Der ehrliche Vergleich

Keine dieser Städte ist ein Geheimtipp im strengen Sinn. Alle stehen im Reiseführer, an Feiertagen ist überall etwas los. Und der Unterschied zu den großen Zielen ist kleiner, als die Überschrift vermuten lässt, das will ich ehrlich sagen. Rothenburg ob der Tauber, die meistbesuchte Fachwerkstadt, kam 2024 auf 546.761 Übernachtungen, 2023 auf 532.300, im Corona-Jahr 2020 nur auf 238.303. Die Stadt schätzt die Zahl der Tagesbesucher auf rund 1,9 Millionen pro Jahr. Bamberg liegt mit 842.297 Übernachtungen im Jahr 2024 sogar davor. Was die unterschätzten Ziele trotzdem auszeichnet: Es ist weniger los, und die Preise bleiben normal. Du hast mehr Zeit für das, was du siehst. Wer flexibel ist, fährt unter der Woche oder außerhalb der Ferien. Dann zeigen die Städte ihre beste Seite.

Praktisch: ohne Auto unterwegs

Wer aus Frankfurt startet, prüft vorher den Fahrplan, im August 2026 lohnt das doppelt. Die Bahn saniert gerade mehrere Strecken, am deutlichsten zwischen Regensburg und Passau, wo bis Dezember Busse fahren. In Quedlinburg und Trier wird an den Wahrzeichen gebaut, die Stiftskirche und die Porta Nigra bleiben geöffnet, das Alte Rathaus in Bamberg ist innen geschlossen. Alle zehn Ziele sind mit der Bahn erreichbar, die Zeiten in diesem Text entsprechen der Fahrplanauskunft vom August 2026. Und der verregnete Samstag in Würzburg hat es gezeigt: Eine schlechte Vorhersage ist kein Grund, abzusagen.

Kurz gesagt

Zehn Städte, eine Gemeinsamkeit: Sie bekommen weniger Besucher, als sie verdienen. Limburg, Marburg und Würzburg erreichst du in rund einer Stunde, Bamberg in gut zwei, Trier in rund dreieinhalb. Quedlinburg, Stralsund, Bamberg, Trier und Würzburg sind UNESCO-Welterbe, die Veste Oberhaus zählt zu den größten Burganlagen Europas, und die Elisabethkirche ist die älteste gotische Hallenkirche Deutschlands. Zwischen Regensburg und Passau fahren bis Dezember Busse statt Züge, die Fahrzeiten im August 2026 also vorher prüfen.

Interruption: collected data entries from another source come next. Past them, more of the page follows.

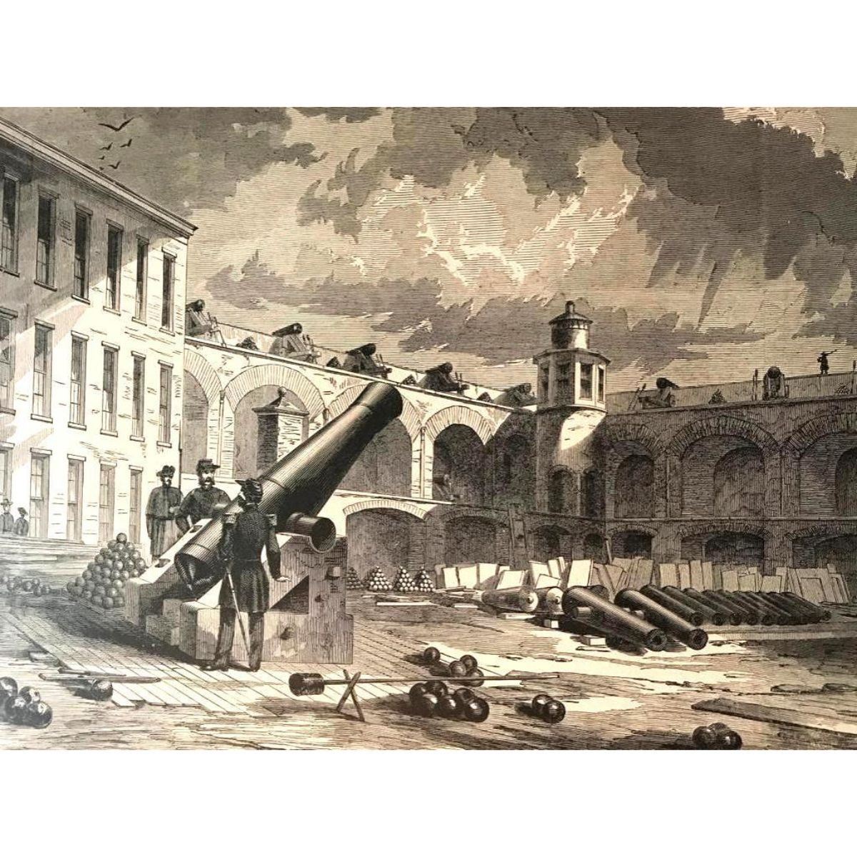 19thc Civil War Engraving, Interior, Mortar, Fort Sumter, Charleston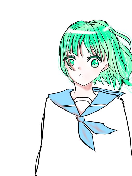 かいた!!水色の髪の子初めて!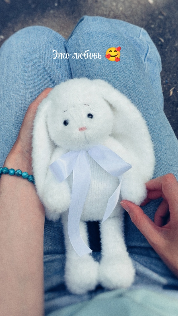 Ещё год назад я говорила, что никогда не буду вязать игрушки спицами. Встречайте, моя первая игрушка спицами🥰 и я счастлива, что у меня всё получилось (не без косяков, но я всё ещё учусь). Зайка моя любовь 🥰, никому не отдам 😄
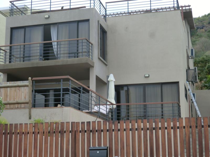 Duplex of four bedrooms, with one en suite, in a gated comunity, newly built, fully furnished and equipped, 195 square meters. American kitchen with living area opening on wooden deck with pool and small garden. Nice view on Le Morne Mountain and Black River Bay.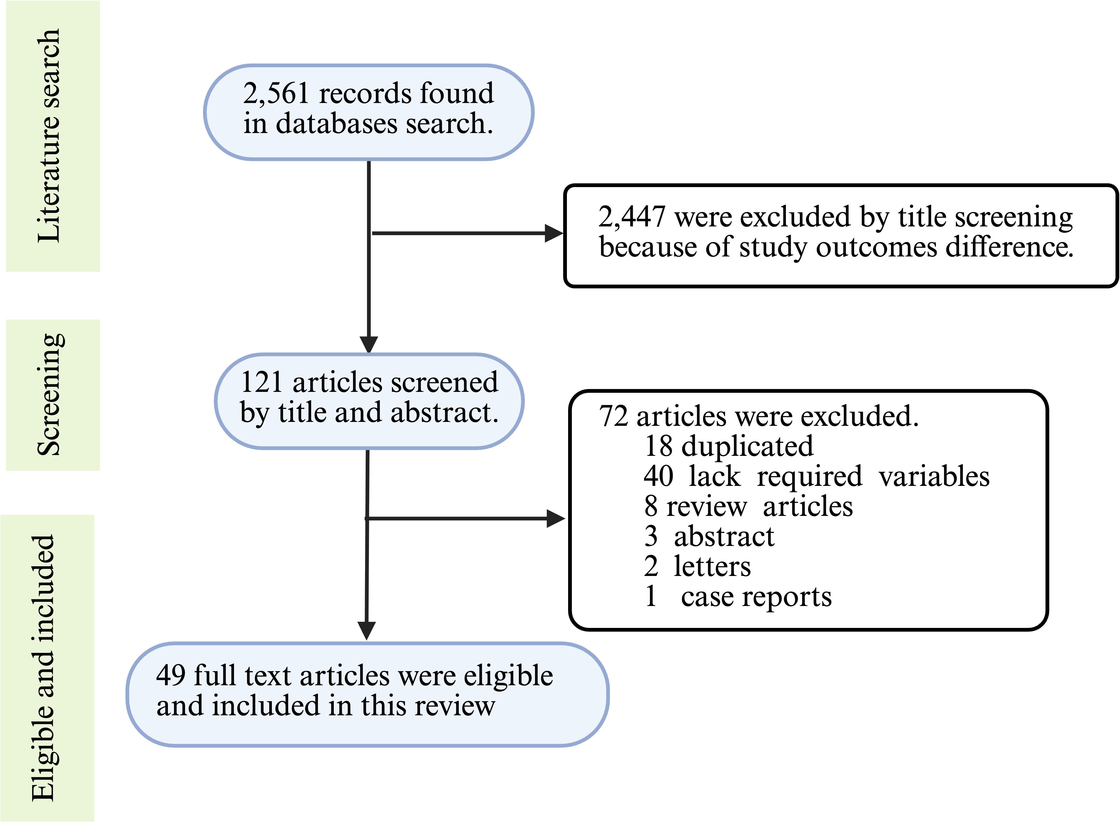 The peer-reviewed original research articles published in English from 2015 to 2024 were included in this study. The articles relevant to the topic of host models used in studying A. baumannii virulence and pathogenesis were included. TLG and AMS carried out the article search and screening independently. Case report studies, conference abstracts, and duplicated articles were excluded from this study (Figure 1). During the initial search, the two reviewers independently identified 2,561 records through comprehensive searches of electronic databases. Numerous (2,447) articles were excluded by title screening. More articles were excluded due to duplications (18), case report (1), and conference abstracts (3) during the abstract screening process. Finally, 49 full articles were selected based on their relevance to this review article and the quality of the whole article (Figure 1).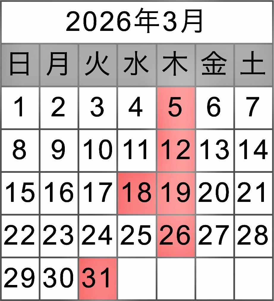 3月5日(木)、3月12日(木)、3月18日(水)、3月19日(木)、3月26日(木)、3月31日(火)は、店休日とさせて頂きます。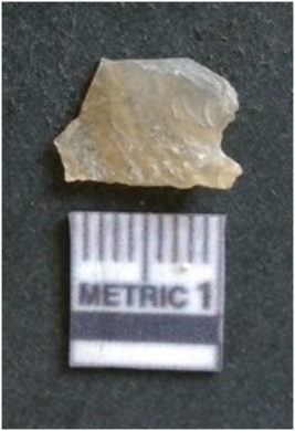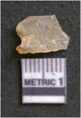 | Description / विवरण | It is chalcedony flake, translucent in appearance. The piece shows sharp pointed ends and flake scars on the surface as a result of flaking. The piece shows a bulb of percussion. |

Was bedeutet das für mich?

Such dir ein Ziel, das zu deiner Zeit passt, und plane drei Fixpunkte. Am Anreisetag eine Stadtführung oder ein Aussichtspunkt, am zweiten Tag ein freier Vormittag, zum Abschluss ein Abend am Wasser. Bei Limburg oder Marburg entscheidest du dich am Samstagmorgen spontan. Der Rest ergibt sich von selbst. Wer einen groben Ablauf mag, findet im Wissensindex die Checkliste für einen Wochenendtrip ohne Auto.

Quellen

Subjektive Auswahl ohne Ranking-Anspruch; was ein gutes Wochenende ist, entscheidet am Ende der eigene Geschmack. Fahrzeiten laut DB-Fahrplanauskunft, Stand August 2026, bitte vor Abfahrt prüfen.